3. Unoptimized SQL queries
After tackling the N+1 queries, the next step of an audit is usually a more detailed PostgreSQL metadata analysis. I use my rails-pg-extras library to deep dive into what’s going on at the database layer.
pg-extras offers a set of helper queries that allow you to analyze the database. I describe the detailed step-by-step process of using the pg-extras library for optimizing PostgreSQL performance here. But, a good starting point is to use
long_running_queries methods to list slow queries that take up a considerable amount of database resources.
Bottleneck SQL queries that are challenging to optimize could be perfect candidates for caching. You can read more about this technique in my other blog post.
If you’re on Rails 7.0 and above, you can leverage the new
load_async ActiveRecord API to parallelize bottleneck queries. But, it’s not a silver bullet and introduces a potential stability risk. Check out my article for a detailed guide to
A tool that I’ve recently added to my toolkit is pganalyze. It provides in-depth insights into the performance of your database layer together with suggestions on how to improve it.

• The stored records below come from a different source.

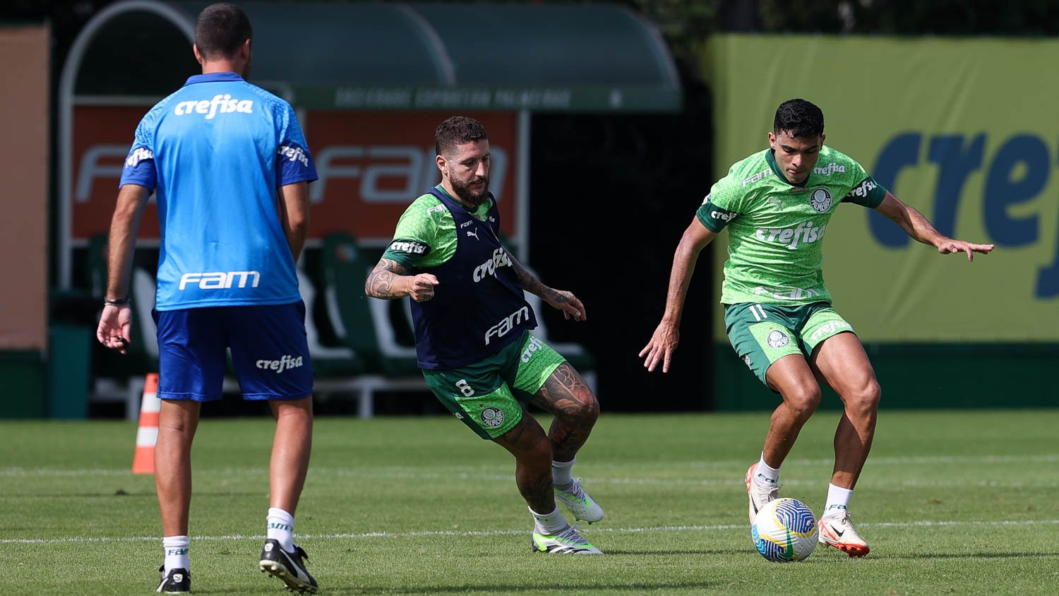 O Palmeiras treinou na manhã desta segunda-feira (20), na Academia de Futebol, em preparação ao duelo com o Botafogo-SP, na quinta (23), às 19h, no Estádio Santa Cruz, em Ribeirão Preto (SP), pela terceira fase da Copa do Brasil. Após ativação física no centro de excelência, os jogadores foram a campo e fizeram trabalhos técnicos. No primeiro, os atletas de linha realizaram um treino com objetivos específicos de aproximação e marcação. Na sequência, o elenco foi dividido em três times de nove componentes: enquanto um tinha como meta chegar ao gol, o outro se defendia e tinha de passar pelo meio de campo. Quem vencia, enfrentava a equipe fora e assim sucessivamente.
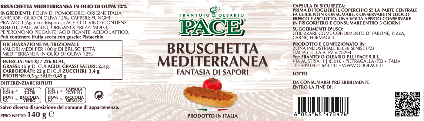 La bruschetta mediterranea in olio di oliva hanno un periodo di conservazione pari a 3 anni dalla data di confezionamento. Il lotto e la scadenza sono riportati in etichetta.
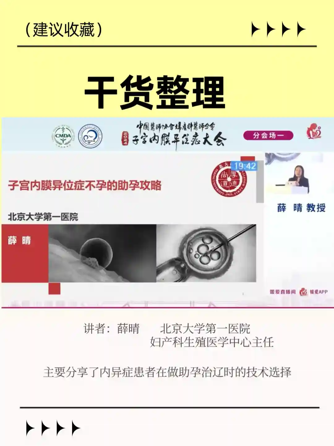 讲者:薛晴 北一妇产科生zhi🀄️心主任,分享了些不孕病例,很多很棘手的也都怀上了 所以姐妹们不要担心,交给科学与技术,相信缘分与命运!
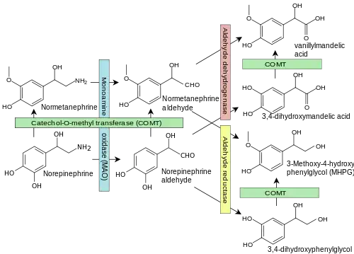 Noradrenalina é metabolizada em normetanefrina e VMA.[2][7][8][9] A norepinefrina é um dos hormônios produzidos pelas glândulas supra-renais, encontradas no topo dos rins. Esses hormônios são liberados no sangue durante períodos de estresse físico ou emocional, fatores que podem distorcer os resultados do teste.[10][11]
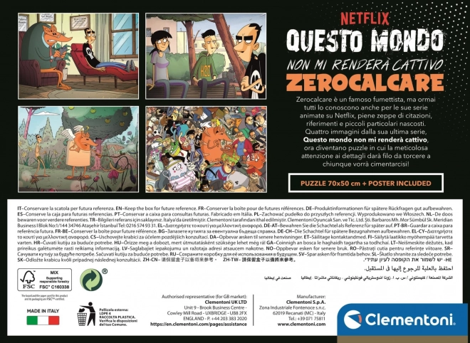 Nyd timevis af afslapning med kvalitetspuslespil fra CLEMENTONI inspireret af serien Netflix Den her verden får mig ikke af Zerocalcare. Puslespillet med 1000 brikker byder på et detaljeret motiv og danner et billede på 70 × 50 cm efter samling. I æsken finder du også en motivskabelon for lettere samling.
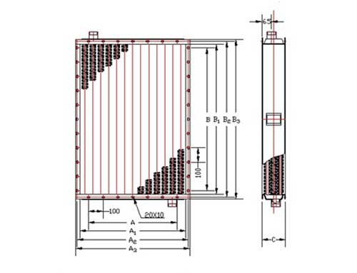 举例:SRL12×5/3表示:表面长1250mm,宽545mm,由3排散热管组成。
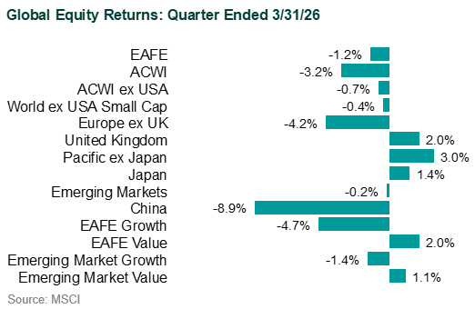 Global equities declined in 1Q26 as rising interest rates and elevated macro uncertainty weighed on risk sentiment, with U.S. equities underperforming non-U.S. markets. Fixed income markets were broadly flat to modestly negative in 1Q26, as rising yields and spread widening offset income. Liquid alternatives delivered strong returns in 1Q26, led by commodities and energy-related assets.
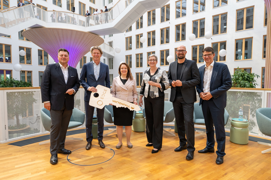 v.l.n.r. Andreas Geisel, Senator für Stadtentwicklung, Bauen und Wohnen Berlin; Coen van Oostrom, EDGE CEO; Anna Borg, Vattenfall CEO; Klara Geywitz, Bundesministerin für Wohnen, Stadtentwicklung und Bauwesen; Michael Biel, Staatssekretär für die Senatsverwaltung für Wirtschaft, Energie und Betriebe Berlin; Christian Barthélémy, Vattenfall Deutschland-Chef (c) Vattenfall
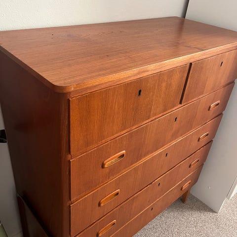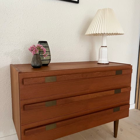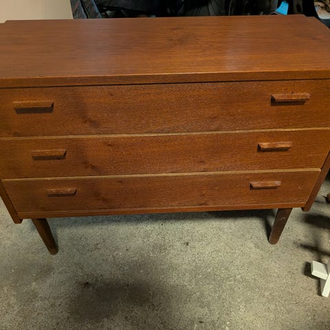 Dansk 60’ er design: teakskab med tre skuffer i bunden og to skydelåger øverst med en hylde bag lågerne. Skabet har en mellemhylde under skydelågerne. Ingen bud tak. Henvendelse på sms: 22804812

4. Database layer configuration
This part of an audit is also related to the database, but rather than focusing on individual queries, we analyze the general configuration and resources usage. The first step is to determine if your current database engine is not overutilized. It’s ideal if the project uses AWS RDS as its database provider because it offers powerful insights into the usage metrics.
If the project is using a Heroku PostgreSQL addon, I usually recommend migrating a database to AWS RDS. I’ve written a detailed blog post about why it’s often the best solution.

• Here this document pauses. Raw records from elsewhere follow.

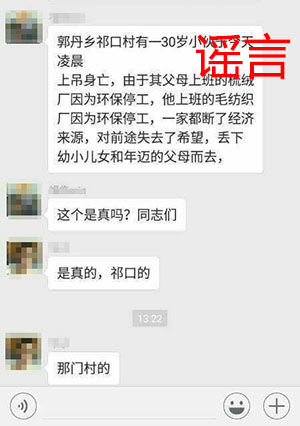 【传闻】网传“河北保定蠡县郭丹乡祁口村有一30岁小伙子今天凌晨上吊身亡。其父母上班的梳绒厂因为环保停工,他上班的毛纺织厂也因为环保停工,因为家里都断了经济来源,遂对前途失去了希望,丢下年幼的儿女和年迈的父母而去”。
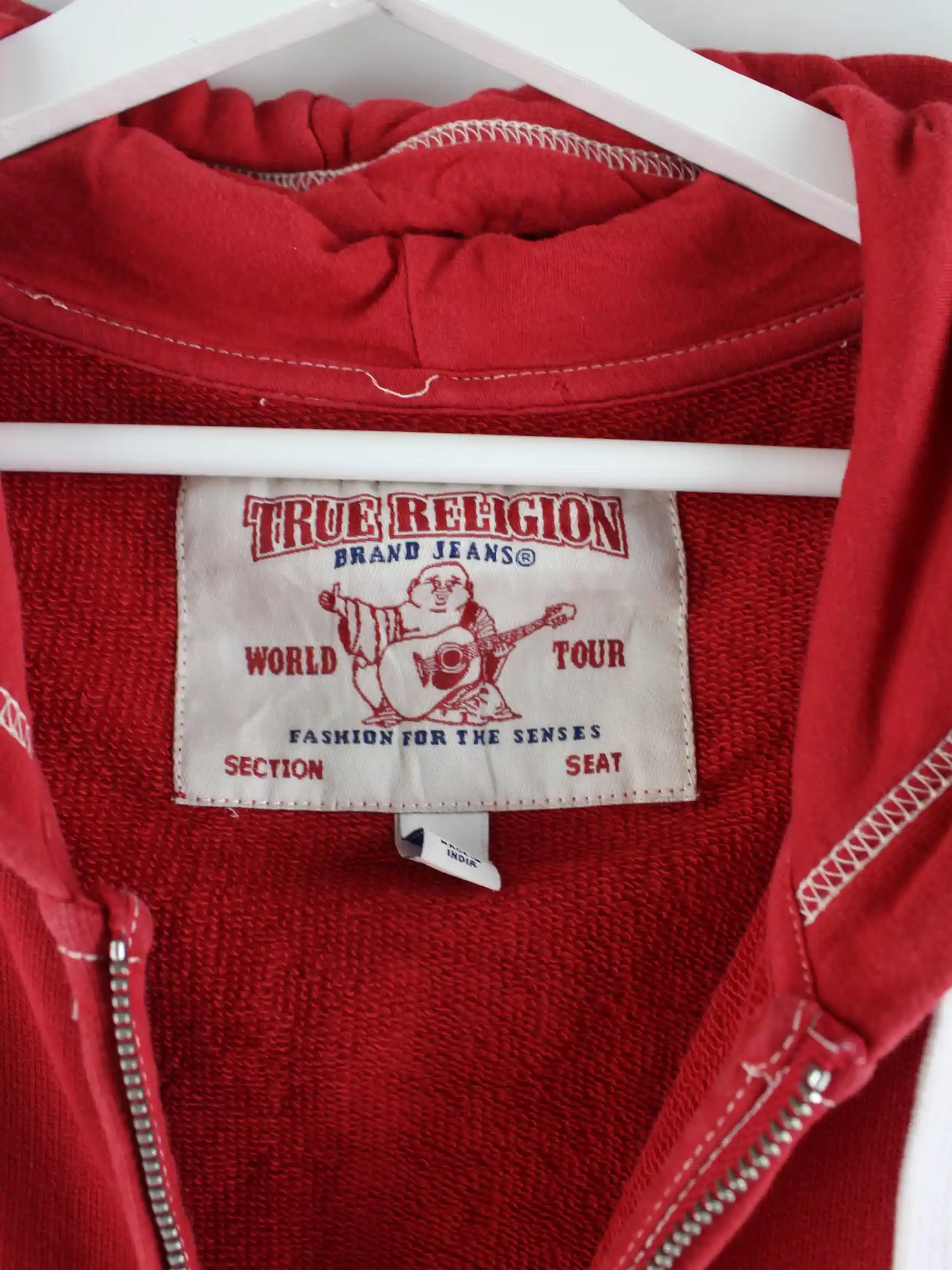 Hoodie von True Religion mit durchgehendem Reißverschluß in Größe XXL aus Anfang der 2000'er. Er ist aus einer Baumwollmischung hergestellt und in Rot auf Lager.
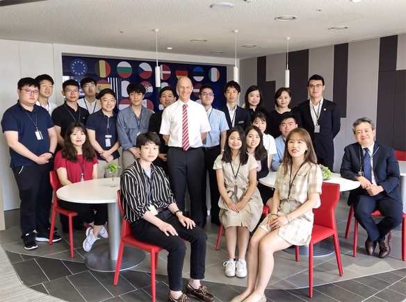 参观欧盟驻韩代表部(左)和中日韩三国合作秘书处办公室(右)

Heroku offers very limited insights into what’s going inside the database engine, but rails-pg-extras
cache_hit method is a decent way to check if your DB server size is adequate.
For projects experiencing higher loads at the database layer, tweaking the PostgreSQL global settings can bring measurable benefits. PGTune and POSTGRESQLCO.NF are your friends here.
I dive into more details on the setup of the PostgreSQL database on RDS in my eBook.
5. Server configuration
I’ve seen projects underutilizing their resources and, in turn, burning money because of misconfigured servers.
Most Rails apps’ perfomance is IO-bound because of the SQL queries and internal HTTP calls. That is a perfect case for leveraging concurrency in Ruby. That’s why I always recommend using Puma server because of its multithreading capabilities. You can check out this blog post for more info about concurrency in Ruby and how it relates to blocking IO.
For some projects, switching to Puma is not straightforward because thread safety must be taken into account. But writing non-thread-safe code is a ticking time bomb, so fixing it should be considered anyway. You can check out this article for an intro to thread-safety in Rails.
You can check out the following Heroku docs for general tips on configuring Puma workers, and threads count.
Bonus tip: if you’re using AWS EC2, make sure always to provision the newest generation instance types, i.e., m5.large instead of m4.large. They always have better speed characteristics and lower costs. You can use this website to calculate your potential savings.
Every performance audit that I’ve conducted had its unique challenges. But, the tips I’ve described should apply to most Ruby on Rails projects. I highly encourage you to take a closer look at your app’s performance. A small development time investment can often significantly impact your customers’ UX, project’s scalability, and infrastructure cost.